**Exercise details:** Each line from the opening of the material through the line holding "日陰には、雪や氷が少し残って" needs to be returned exactly, with the pictures left out.

**Information shown:**
+ + + + + + +

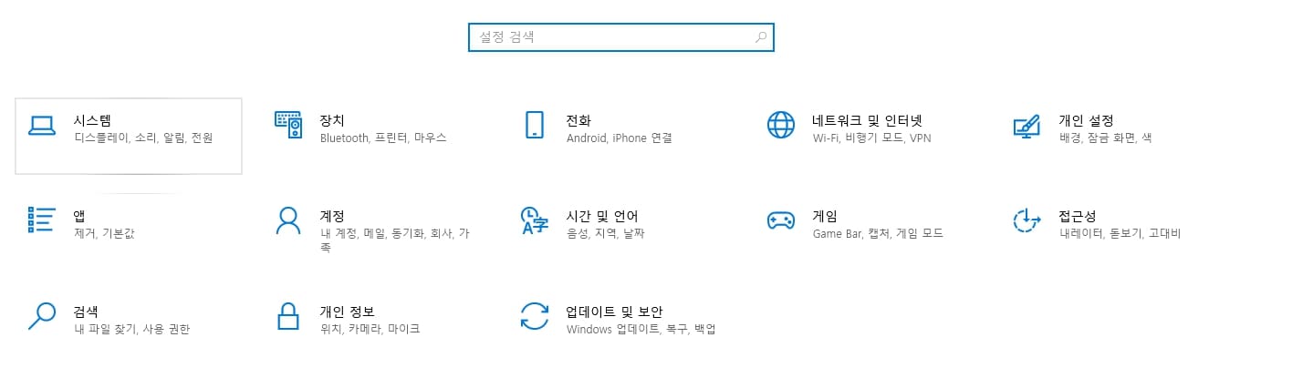 1. 윈도우 설정 실행 혹은 작업표시줄 검색창에 "설정" 입력
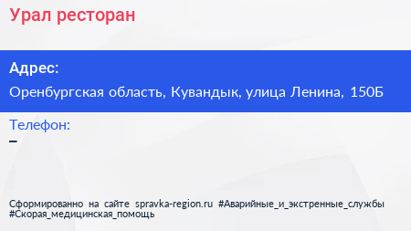 Урал, ресторан по адресу Оренбургская область, Кувандык, улица Ленина, 150Б в дальнейшем Организация, размещена в следующих категориях:
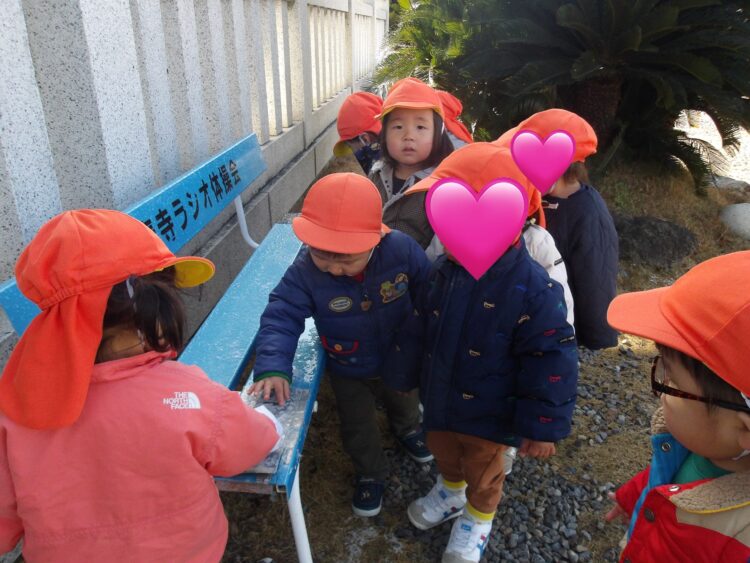 日陰には、雪や氷が少し残っていて「ゆきー❄️」とニコニコで触る姿があったり、「ゆーきやこんこ🎵」と楽しそうに歌っている子もいましたよ☺️
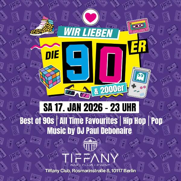Die 90er & 2000er! Was für Jahrzehnte! Die größten 90er & 2000er Hits findet ihr am Samstag den 17. Januar 2026 bei der Wir lieben die 90er & 2000er Party im TIFFANY CLUB.

+ + + + + + +

**Task result:**
 1. 윈도우 설정 실행 혹은 작업표시줄 검색창에 "설정" 입력
 Урал, ресторан по адресу Оренбургская область, Кувандык, улица Ленина, 150Б в дальнейшем Организация, размещена в следующих категориях:
 日陰には、雪や氷が少し残っていて「ゆきー❄️」とニコニコで触る姿があったり、「ゆーきやこんこ🎵」と楽しそうに歌っている子もいましたよ☺️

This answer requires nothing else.